Accelerated approval does not mean permanent approval. If the confirmatory trial fails to verify clinical benefit, the FDA can withdraw accelerated approval. This is the regulatory mechanism that gives the agency flexibility to provide earlier access to potentially transformative therapies while maintaining scientific rigor through the post-market requirement.
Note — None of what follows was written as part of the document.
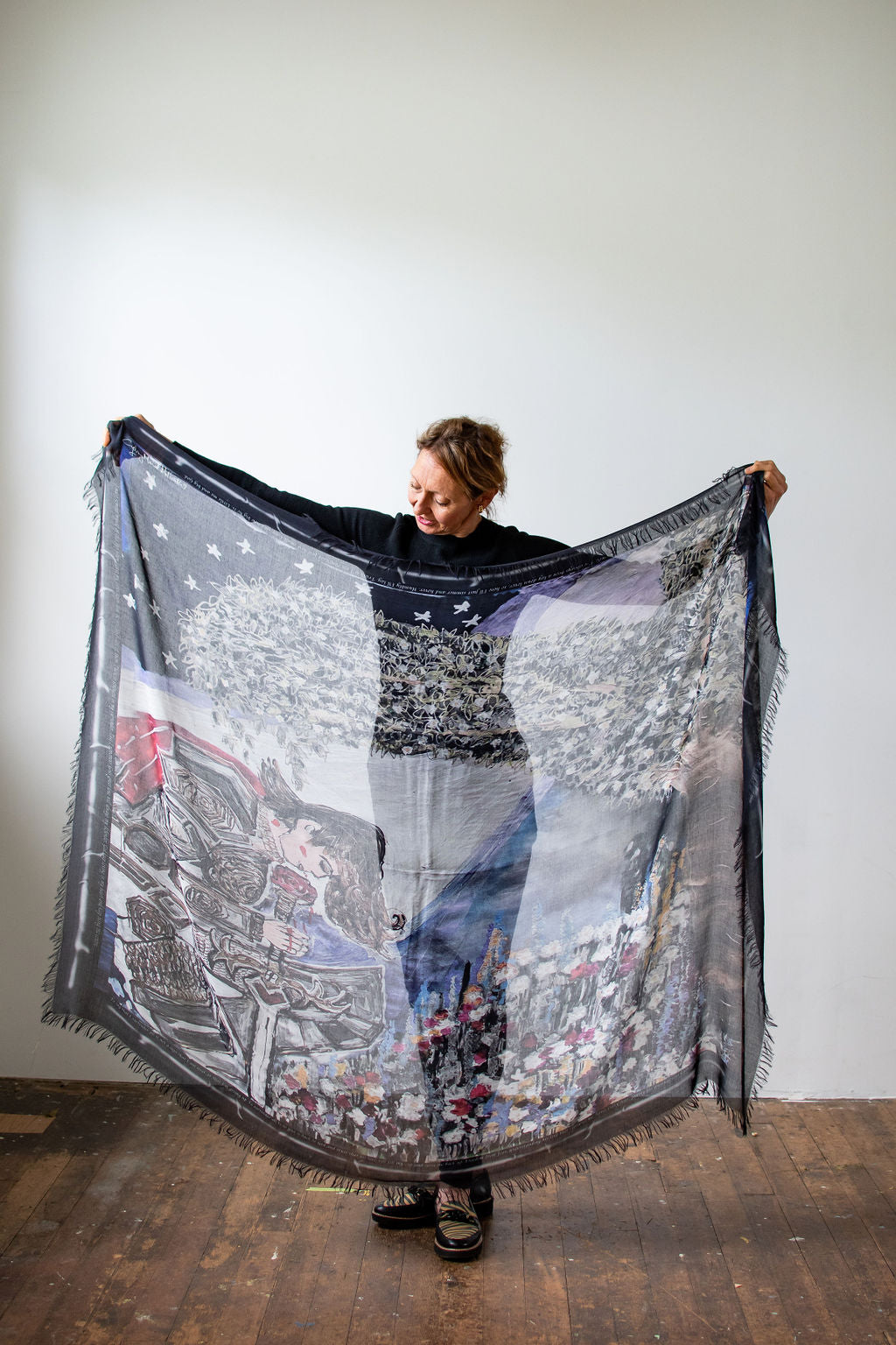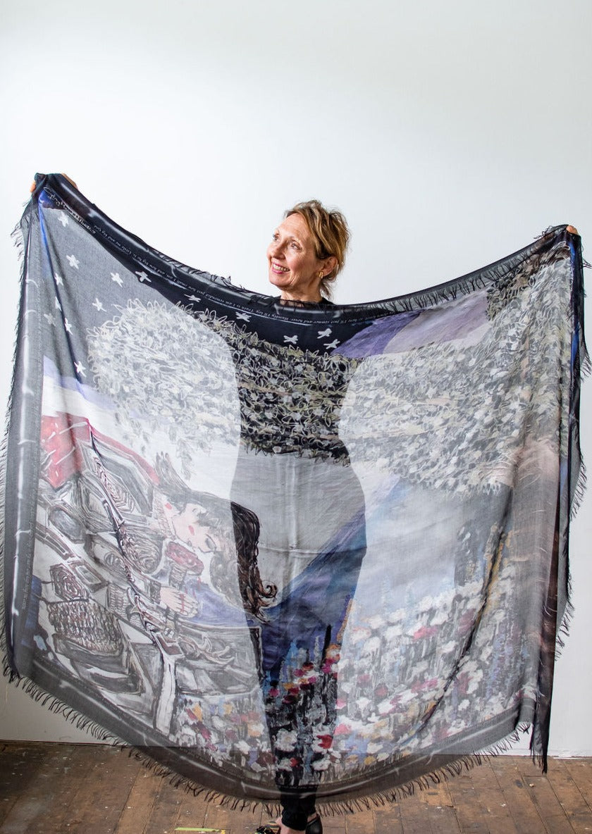 Luxury hand painted forever silk shawl by Cydney

For the approximately 30,000 Americans living with Huntington's disease — and the additional 200,000 estimated to be at 50% genetic risk — the prospect of an approved therapy that slows progression rather than merely managing symptoms represents a categorically different future than the disease has ever offered. Whether AMT-130 ultimately fulfills that promise will depend on the confirmatory trial. But the accelerated approval pathway, if the BLA is approved, would give access to the therapy years before that confirmation is complete.
The confirmed BLA submission in Q3 2026 means a filing as soon as October 2026. Standard FDA review timelines for a BLA, with rolling review, could produce a decision as early as mid-2027 — though timelines vary and are not guaranteed.
Frequently Asked Questions
What is AMT-130, and what did uniQure announce on June 17, 2026?
AMT-130 is a one-time gene therapy for Huntington's disease that uses RNA interference to silence the mutant huntingtin gene in the brain. On June 17, 2026, uniQure announced that the FDA agreed 3-year Phase I/II clinical data could serve as the primary basis for a BLA for accelerated approval. uniQure plans to submit the BLA in Q3 2026.
What evidence supports AMT-130's effectiveness?
In the high-dose cohort of the Phase I/II study at 3 years, AMT-130 showed 75% slowing of cUHDRS (composite Unified Huntington's Disease Rating Scale) progression compared to propensity-matched external controls from the Enroll-HD database (P = .003). The FDA agreed the cUHDRS may serve as an intermediate clinical endpoint for accelerated approval purposes.
What regulatory designations does AMT-130 have?
AMT-130 holds three FDA designations: RMAT (Regenerative Medicine Advanced Therapy — the FDA's most accelerated development status, and the first ever granted for Huntington's disease), Breakthrough Therapy designation, and Fast Track designation.
What is the confirmatory trial requirement?
Under accelerated approval, uniQure must conduct a post-market confirmatory trial demonstrating clinical benefit. The FDA and uniQure are aligning on a design using a concurrent standard-of-care control arm rather than a sham neurosurgical procedure.
Is there currently any approved treatment that slows Huntington's disease?
No. As of June 2026, there is no approved disease-modifying treatment for Huntington's disease anywhere in the world. Current management is entirely symptomatic.